Back in 1998 or so I was working with an educational technologist named Alan November, an internationally-known technology speaker and writer. At one point, Alan had me write this article on searching the Internet (still a new thing at the time). For years the article was on Alan’s website, but then he redesigned his site in 2005 and my article evidently didn’t survive. This is a good thing, as it was sadly out of date by then—this was written just before Google, for instance, and while Northern Light was still open to the public—and is even more so today. Nonetheless, it’s one of the first things I ever wrote for money, and it contains some good advice sprinkled throughout. Consider this of historical interest if nothing else.

As we turn to the sorts of skills kids need in order to use the Internet effectively and usefully, it is important to stress that the Internet is only one source among many. It just isn’t practical to expect to find the answers to every question on the Internet. In particular, information that was created prior to the 1980s is pretty scarce on the Internet, mostly due to the fact that a lot of that information wasn’t digitized. And even if it was digitized, it’s not always in a format that is easily transferable to the Web.

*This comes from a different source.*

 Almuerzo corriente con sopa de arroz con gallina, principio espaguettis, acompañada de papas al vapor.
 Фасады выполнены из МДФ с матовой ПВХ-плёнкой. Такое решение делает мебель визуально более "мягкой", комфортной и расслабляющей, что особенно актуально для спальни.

More than that, certain kinds of information just aren’t on the Internet yet, and even when information is somewhere out there, you can’t always find it. That’s why it’s important to stress to kids that they leverage all the resources they have available to them, including the library, other teachers, and other experts in the community.

Searching

Let’s start with search engines, since they are used so widely by Internet users to find Web sites. It’s really easy for kids to learn the basic drill—they sit down, type in www.altavista.com or www.infoseek.com or www.yahoo.com, enter their search interest, and begin plowing through the 254,876 hits they get back.

The problem is, though, that this is too easy. Kids and teachers need to understand a few important things about search engines. They really need to. The Web is growing at an astounding rate—close to 50%, according to some studies (See Glave). As the Web continues to expand, it becomes harder and harder to find anything without resorting to AltaVista, Infoseek, and Yahoo, to name but a few.

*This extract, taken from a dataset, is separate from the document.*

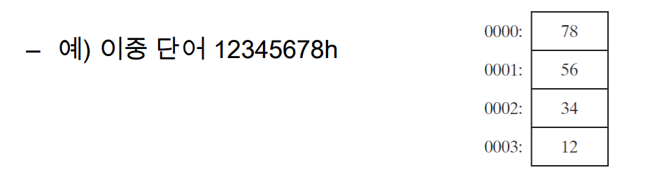 - X86 프로세서는 리틀앤디안 순서(낮음에서 높음)을 사용하여 메모리에서 데이터를 저장하고 검색한다.

Search Engines and Directories

Actually, grouping AltaVista, Infoseek, and Yahoo together like that really isn’t correct. AltaVista and Infoseek are search engines; while Yahoo is a directory. Search engines employ specialized software—called, variously, bots, spiders, and crawlers—to scan the Web looking for information on Web pages and storing that information in gigantic databases. When you connect to a search engine and type in your search terms, you are really looking through the database for that search engine.

Since the Internet is so large, it is impossible for any one search engine to have the entire Web catalogued. Worse, the database the search engine uses can be weeks, even months or years, out of date. A Web site that contains exactly the perfect information you need might exist out there, but if it has only been available for a week, and your search engine’s database is one week and one day old, then you will not be able to find it.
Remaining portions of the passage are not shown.